Radarkoran.com - Sengketa tapal batas antara Kabupaten Lebong dengan Bengkulu Utara dipastikan bakal ditentukan lewat putusan Mahkamah Konstitusi atau MK. Dua kali upaya mediasi yang dilakukan terhadap kedua pemerintah daerah tersebut sama sekali tidak menemukan titik temu atau deadlock.

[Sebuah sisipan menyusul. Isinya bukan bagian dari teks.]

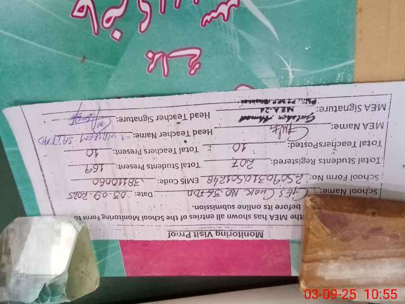 | Attendance Register | Head Teacher | MEA with School | Visit Proof |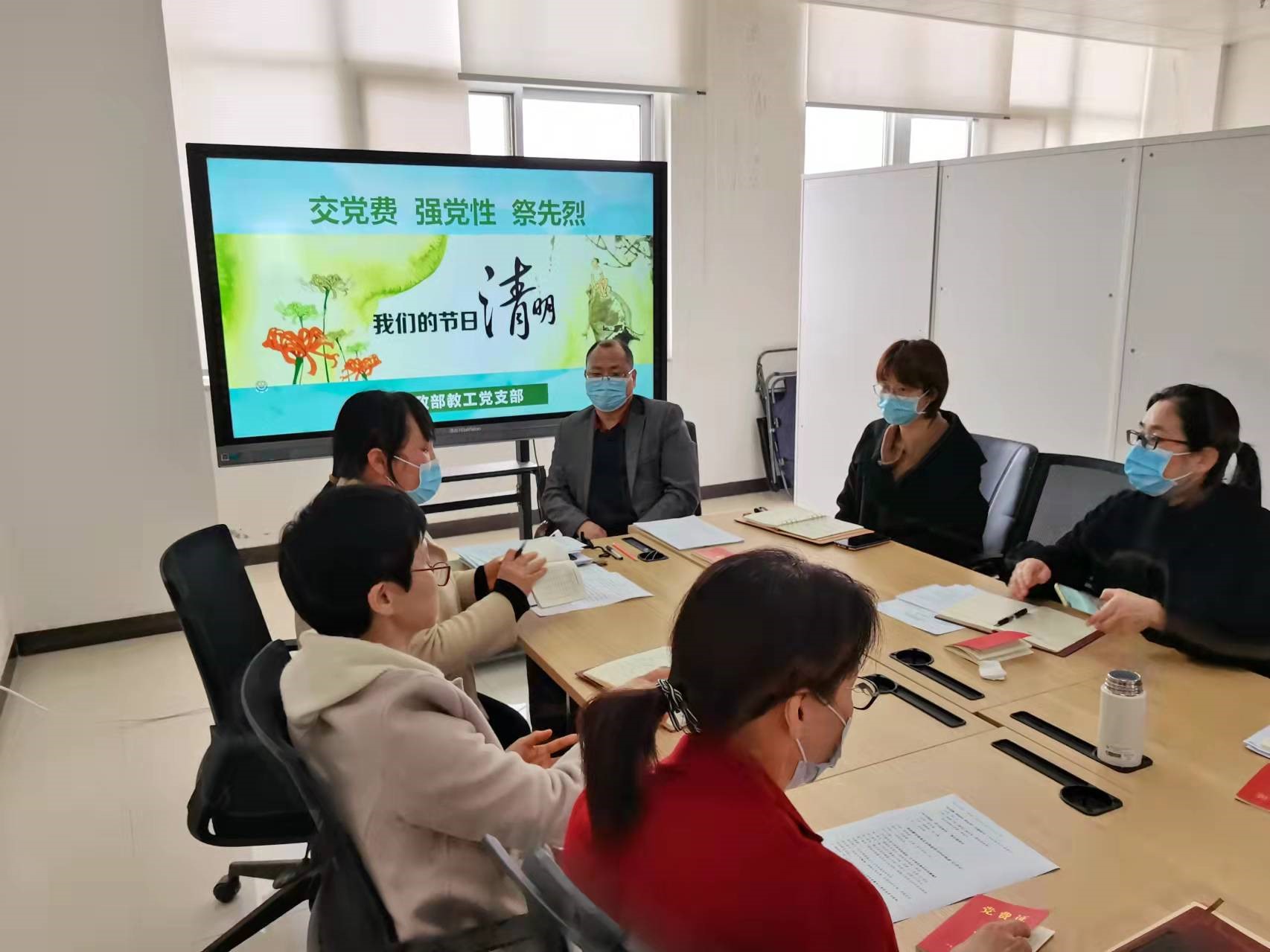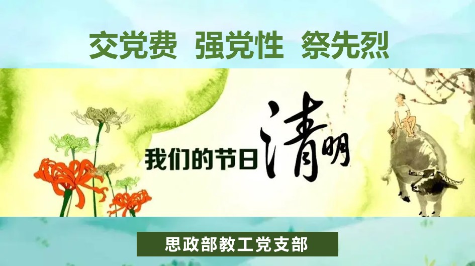 为扎实开展能力作风建设年活动,进一步提高党性修养增强党员意识,同时也为推动党史学习教育常态化长效化,缅怀革命先烈,传承红色精神,清明前夕,思政部教工党支部开展了“交党费 强党性 祭先烈 我们的节日.清明“主题党日活动。

Mediasi pertama terjadi pada Kamis 6 Juni 2024. Mediasi yang difasilitasi oleh Gubernur Bengkulu Prof. Dr. H. Rohidin Mersyah, M.MA tersebut merupakan tindaklanjut dari putusan sela MK nomor 71-PS/PUU-XXI/2023. Dalam putusan itu gubernur Provinsi Bengkulu diperintahkan untuk memfasilitasi penyelesaian mediasi antara Pemkab Lebong dengan Pemkab Bengkulu Utara dalam upaya penyelesaian sengketa batas wilayah dan cakupan wilayah Kabupaten Bengkulu Utara di bawah supervisi Kementerian Dalam Negeri.
Teranyar, Jumat 14 Juni 2024, supervisi pelaksanaan mediasi putusan sela MK dilaksanakan di Ruang Rapat Biro Hukum Gedung B Jakarta Pusat yang dihadiri oleh kedua pemerintah kabupaten. Lagi-lagi dalam mediasi tersebut hasilnya kembali deadlock.
Terkait hal itu, Sekretaris Kabupaten Lebong H. Mustarani Abidin, SH, M.Si mengatakan pihaknya menghormati setiap hasil mediasi yang sudah dilakukan meskipun semuanya berakhir deadlock.
"Masing-masing (Kabupaten Lebong dengan Bengkulu Utara, red) memiliki argumen dan dasar untuk mempertahankan pendapatnya. Sehingga dari dua kali mediasi yang dilakukan semuanya deadlock, " kata Mustarani.
Dilanjutkan Mustarani dengan hasil tersebut maka permohonan perkara nomor 71/PUU-XXI/2023 yang sebelumnya disampaikan ke MK akan kembali berlanjut dan hasilnya akan ditentukan dengan putusan MK.
"Karena tidak ada keputusan yang diperoleh dari mediasi yang sudah dilakukan, maka selanjutnya diserahkan ke MK untuk memutuskan dari perkara yang sudah dilayangkan Pemkab Lebong. Dalam hal ini kami sudah menyerahkan sepenuhnya kepada Ihza & Ihza Law Firm yang sudah ditunjuk sebagai kuasa hukum Pemkab Lebong, " singkat Mustarani.
Diketahui dalam permohonan Perkara Nomor 71/PUU-XXI/2023 yang dilayangkan Pemkab Lebong di MK tidak hanya pada Permendagri nomor 20 tahun 2015 tentang Tapal Batas Lebong dengan Bengkulu Utara. Melainkan undang-undang dari pembentukan Kabupaten Bengkulu Utara itu sendiri yang dianggap tidak tegas dalam batas-batas wilayahnya.
Hal inilah yang dinilai menjadi pokok polemik dan terus diperdebatkan hingga saat ini. Permohonan uji materi atau judicial review ini dilakukan guna mengembalikan wilayah Kecamatan Padang Bano dan sebagian wilayah 18 Desa di 6 kecamatan lainnya di Kabupaten Lebong yang masuk ke dalam cakupan wilayah Kabupaten Bengkulu Utara.
BACA JUGA:PD Muhammadiyah Lebong Siapkan 6 Lokasi Salat Idul Adha
Dalam permohonan pengujian yang disampaikan ke MK itu adalah terkait dengan Undang-Undang Pembentukan Kabupaten Bengkulu Utara. Yaitu Undang-Undang Nomor 28 Tahun 1959 tentang Penetapan Undang-Undang Darurat No. 4 Tahun 1956 (Lembaran-Negara Tahun 1956 No. 55), Undang-Undang Darurat No. 5 Tahun 1956 (Lembaran-Negara Tahun 1956 No. 56) dan Undang-Undang Darurat No. 6 Tahun 1956 (Lembaran-Negara Tahun 1956 No. 57) tentang Pembentukan Daerah Tingkat II Termasuk Kotapraja, Dalam Lingkungan Daerah Tingkat I Sumatera Selatan, Sebagai Undang-Undang (Lembaran Negara Republik Indonesia Tahun 1959 Nomor 73, Tambahan Lembaran Negara Republik Indonesia Nomor 1821).